-- Your assignment --
From the entries that follow, copy exactly the lines beginning at the line holding "Mörkblå fleecejacka från" and continuing through the line holding "Dit werk is".

-- Data section --
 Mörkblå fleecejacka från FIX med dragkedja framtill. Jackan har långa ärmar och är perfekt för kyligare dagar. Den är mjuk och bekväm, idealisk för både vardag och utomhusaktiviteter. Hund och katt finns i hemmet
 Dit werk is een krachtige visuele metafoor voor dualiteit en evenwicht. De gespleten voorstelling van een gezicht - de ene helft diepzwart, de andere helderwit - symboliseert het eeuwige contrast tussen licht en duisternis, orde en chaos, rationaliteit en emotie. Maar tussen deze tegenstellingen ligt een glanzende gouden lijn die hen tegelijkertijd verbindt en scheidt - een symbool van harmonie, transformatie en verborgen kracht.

--

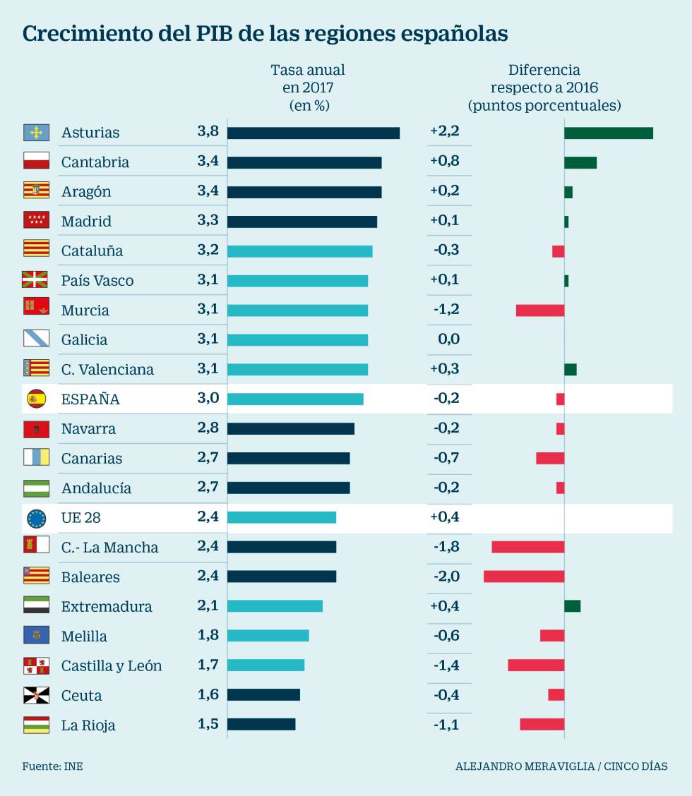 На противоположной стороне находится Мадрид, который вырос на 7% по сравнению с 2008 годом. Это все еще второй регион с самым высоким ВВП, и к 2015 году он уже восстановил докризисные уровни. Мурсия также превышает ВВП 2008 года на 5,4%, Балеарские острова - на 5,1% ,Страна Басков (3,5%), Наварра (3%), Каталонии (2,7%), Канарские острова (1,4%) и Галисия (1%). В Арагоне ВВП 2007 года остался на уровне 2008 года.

-- Written solution --
 Mörkblå fleecejacka från FIX med dragkedja framtill. Jackan har långa ärmar och är perfekt för kyligare dagar. Den är mjuk och bekväm, idealisk för både vardag och utomhusaktiviteter. Hund och katt finns i hemmet
 Dit werk is een krachtige visuele metafoor voor dualiteit en evenwicht. De gespleten voorstelling van een gezicht - de ene helft diepzwart, de andere helderwit - symboliseert het eeuwige contrast tussen licht en duisternis, orde en chaos, rationaliteit en emotie. Maar tussen deze tegenstellingen ligt een glanzende gouden lijn die hen tegelijkertijd verbindt en scheidt - een symbool van harmonie, transformatie en verborgen kracht.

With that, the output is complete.